The vast majority of the time when development is stymied it's not because of the uppity natives. It's because of the post-colonial suburban-rural apes who don't want shit built there where it would effect their property values, or because they're fixated on sucking on the oil teat above everything else and have brainwashed themselves into thinking renewable energy is hippie-commie bullshit. Something like that.
Allowing new cultural perspectives into development and science will make those things better, more adaptable. Clinging to the post-colonial culture and society as the one true path that will lead us to advancement is how we end up cavemen living in the basements of what used to be single family homes put up in the middle of buttfuck nowhere.
What is the moral difference between people crossing space to settle on uninhabited extraterrestrial objects and the Polynesians crossing the ocean to settle on the thousands of uninhabited islands in the Pacific?
You can't drop space rocks from Polynesia onto the rest of the planet if the EarthGov doesn't pander to colonialist space libertarian bullshit. Just or that reason alone it's perfectly valid to take the evils of colonialism as something to specifically avoid repeating in space.

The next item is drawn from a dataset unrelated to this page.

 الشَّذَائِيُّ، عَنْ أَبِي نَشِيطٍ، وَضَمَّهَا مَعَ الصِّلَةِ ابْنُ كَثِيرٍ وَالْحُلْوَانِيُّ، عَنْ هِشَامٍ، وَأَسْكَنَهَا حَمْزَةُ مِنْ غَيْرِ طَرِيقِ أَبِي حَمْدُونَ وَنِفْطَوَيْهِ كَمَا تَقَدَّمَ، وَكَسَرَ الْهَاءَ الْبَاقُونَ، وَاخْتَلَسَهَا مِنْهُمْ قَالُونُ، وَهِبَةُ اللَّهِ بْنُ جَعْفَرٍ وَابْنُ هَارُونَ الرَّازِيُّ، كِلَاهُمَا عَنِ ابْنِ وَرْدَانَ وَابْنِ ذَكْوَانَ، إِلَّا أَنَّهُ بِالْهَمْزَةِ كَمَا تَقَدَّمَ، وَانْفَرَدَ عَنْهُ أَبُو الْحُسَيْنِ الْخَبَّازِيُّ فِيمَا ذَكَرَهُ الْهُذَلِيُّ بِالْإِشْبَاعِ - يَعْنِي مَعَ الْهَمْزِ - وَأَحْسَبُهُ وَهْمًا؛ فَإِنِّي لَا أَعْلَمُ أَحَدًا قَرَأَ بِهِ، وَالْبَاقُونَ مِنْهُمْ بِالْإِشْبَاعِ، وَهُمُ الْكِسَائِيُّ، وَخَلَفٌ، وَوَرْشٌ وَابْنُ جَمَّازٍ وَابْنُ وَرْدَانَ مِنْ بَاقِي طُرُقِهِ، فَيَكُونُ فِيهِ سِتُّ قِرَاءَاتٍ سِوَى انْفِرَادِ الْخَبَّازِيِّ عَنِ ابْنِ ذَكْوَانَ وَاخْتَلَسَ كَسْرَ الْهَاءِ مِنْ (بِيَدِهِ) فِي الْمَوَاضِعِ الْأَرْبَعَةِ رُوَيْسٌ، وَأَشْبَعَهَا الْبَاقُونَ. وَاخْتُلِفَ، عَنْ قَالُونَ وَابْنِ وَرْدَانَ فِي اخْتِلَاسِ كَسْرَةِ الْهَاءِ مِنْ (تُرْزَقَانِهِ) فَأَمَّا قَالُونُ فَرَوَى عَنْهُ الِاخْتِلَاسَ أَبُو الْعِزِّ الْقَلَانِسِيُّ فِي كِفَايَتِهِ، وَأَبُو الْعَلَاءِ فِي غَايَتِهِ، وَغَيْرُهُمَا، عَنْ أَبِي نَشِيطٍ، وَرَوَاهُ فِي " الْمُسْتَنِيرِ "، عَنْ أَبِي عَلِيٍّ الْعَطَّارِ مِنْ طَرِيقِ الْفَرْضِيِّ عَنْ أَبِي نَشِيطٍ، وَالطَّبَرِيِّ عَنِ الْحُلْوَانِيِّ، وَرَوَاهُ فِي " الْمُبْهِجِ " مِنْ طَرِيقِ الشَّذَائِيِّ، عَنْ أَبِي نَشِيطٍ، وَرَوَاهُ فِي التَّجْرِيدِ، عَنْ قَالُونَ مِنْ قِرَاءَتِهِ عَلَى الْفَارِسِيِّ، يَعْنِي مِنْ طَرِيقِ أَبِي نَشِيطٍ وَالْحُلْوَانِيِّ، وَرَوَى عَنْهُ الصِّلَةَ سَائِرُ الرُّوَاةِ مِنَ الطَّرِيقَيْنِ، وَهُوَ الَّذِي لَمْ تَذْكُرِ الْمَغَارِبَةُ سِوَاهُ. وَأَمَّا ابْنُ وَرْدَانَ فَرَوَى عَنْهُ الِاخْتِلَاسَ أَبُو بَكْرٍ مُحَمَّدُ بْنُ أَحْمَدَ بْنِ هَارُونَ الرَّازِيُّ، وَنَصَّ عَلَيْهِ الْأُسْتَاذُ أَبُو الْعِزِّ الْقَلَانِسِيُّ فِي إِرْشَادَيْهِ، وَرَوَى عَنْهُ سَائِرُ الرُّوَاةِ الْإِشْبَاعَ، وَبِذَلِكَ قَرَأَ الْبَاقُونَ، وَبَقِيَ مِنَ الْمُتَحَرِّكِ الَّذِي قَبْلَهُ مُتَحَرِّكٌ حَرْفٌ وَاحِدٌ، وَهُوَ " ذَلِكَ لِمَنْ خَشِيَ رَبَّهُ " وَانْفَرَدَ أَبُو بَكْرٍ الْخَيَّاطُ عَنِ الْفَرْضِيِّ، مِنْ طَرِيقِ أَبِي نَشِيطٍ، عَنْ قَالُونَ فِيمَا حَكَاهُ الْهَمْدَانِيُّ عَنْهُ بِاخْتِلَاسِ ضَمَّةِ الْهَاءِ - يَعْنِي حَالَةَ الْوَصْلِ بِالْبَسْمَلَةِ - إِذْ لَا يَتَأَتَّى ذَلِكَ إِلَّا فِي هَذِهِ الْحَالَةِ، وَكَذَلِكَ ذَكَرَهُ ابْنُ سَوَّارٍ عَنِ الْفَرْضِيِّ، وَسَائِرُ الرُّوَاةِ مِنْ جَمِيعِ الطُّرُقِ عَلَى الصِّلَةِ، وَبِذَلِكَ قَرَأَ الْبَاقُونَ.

And frankly by the same measure that I think history might have been at least a little bit better if the Santa Maria and the Mayflower just fuckin' keeled over and sank I think that the best timeline for space travel is one where the first rugged, gun toting wannabe space colonists end up marooned on an asteroid or something and have to be carted back to Earth lesson learned. Not for what they're going to do out there, but what they're going to do here if their colonial ventures don't work out for them.
But Mars is ultimately a barren ball of worthless dust that I don't really get the fuss over. There's nothing of more than purely scientific curiosity derived interest or and certainly nothing of productive use there
Space colonialism is stupid but this is flat out wrong too. The scientific value of Mars is far more than curiosity. It's a second dataset for the conditions of a planet that might have been habitable. If we want to advance our understanding of what makes planets livable we need to be studying Mars. How oceans form, how they dry up, how planets gain a thick atmosphere and how they lose them. etc etc.
We don't want to end up in a situation a couple centuries from now when our planet's magnetic field is mysteriously weakening and the only answers we have is "Uh... uh... uh..." because the people researching Mars' core didn't get enough research money.
And being dismissive of lifeless planets as "barren rocks" is incredibly dumb just for the fact that that describes 99.9% of all planets in the universe. Life is the exception and thus treating harm to life as the one true barometer of the harm of our actions is ape-brained nonsense that doesn't belong in space. I don't want humanity to go through this same stupid-ass argument every time we discover a new never before seen type of planet but all the space-corps want to do is start dropping rocks to make room for strip mining.